With no money to their name, the females of the Winwood family must base their not Ainconsiderable reputations upon less tangible things. among the most precious of these is the ability, and indeed willingness, to Talk with Capital Letters. As one might expect, it is Lady Winwood who is most expert at this. When she says that her Days are Numbered, one can readily believe that they have not merely been counted, but individually signed for, wrapped, stamped and secured with the sort of seal that one finds only in the more anagogical parts of the Bible.

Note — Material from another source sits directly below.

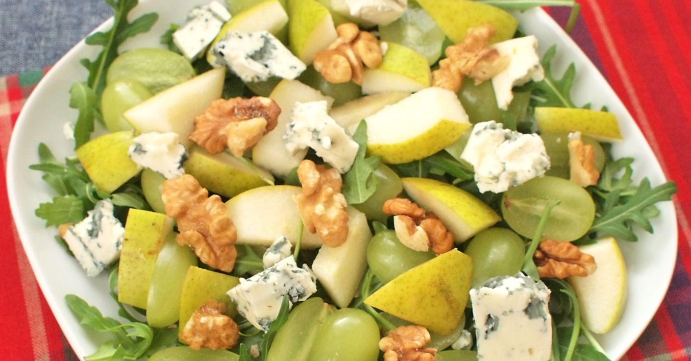 Na talíře postupně aranžujeme hroznové víno, hrušky, rukolu, sýr a vlašské ořechy. Velmi lehce zakápneme citronovou šťávou a olivovým olejem.
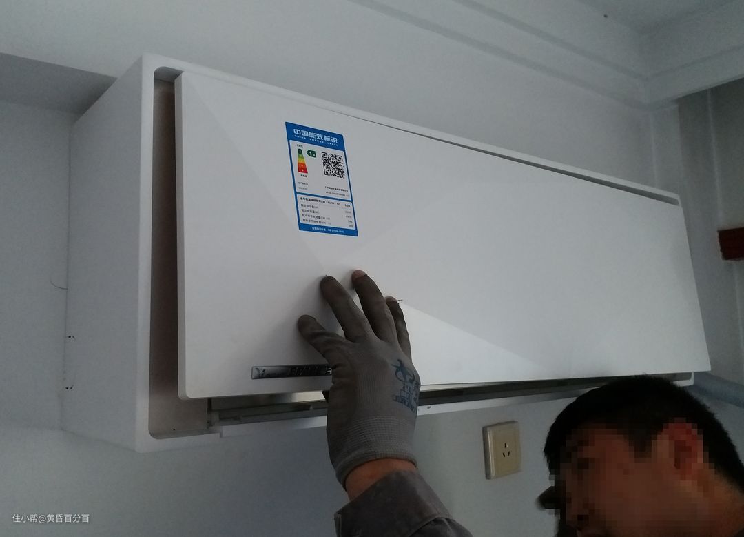 ▲安装完毕后,来张全家福。与普通空调一层不变的,工工整整的一块白色面板略微不同,云米Space-E空调采用了钻石型的面板,看上去更有艺术感,挂在墙壁上也不再像普通空调那么的突兀。

Lady Winwood's two oldest daughters are similarly skilled, able to deploy Cassandra-like prophecies of doom in the face of even the most minor of domestic mishaps. This is the sort of social skill that is beyond price, without which no Grande Dame can have any pretensions to Grandeur. Even their otherwise unremarkable cousin, Mrs Maulfrey, is able to endow such a word as Settlements with a sonority beyond its real significance.
Miss Horatia Winwood, on the other hand, seems utterly uninclined to indulge in any such utterances. Indeed it is hard to find evidence of her Uttering anything at all. Even her interjections - typically "Stuff" and "Pho" - have their capitalisation subverted by Horry's stammer(not that the stammer itself is to be condemned - indeed one might come to like it, along with the eyebrows and, of course, the Nose). Such is her blasé attitude towards life that she cannot be bothered even to think in terms of Scandals and Scrapes, choosing instead to admit to mere scandals and scrapes. Is this Behaviour Befitting a Countess? I am sure that it is not only I who thinks not.
A Winwood who does not Capitalise her Speech is, one might feel, hardly a Winwood at all, and one who, when kissed, not gently at all, but ruthlessly, crushing all the breath out of her body, merely observes that she never knew that her husband could kiss like that, rather than perhaps falling into a Swoon, or Fainting Dead Away, clearly needs to Buck Up her Ideas.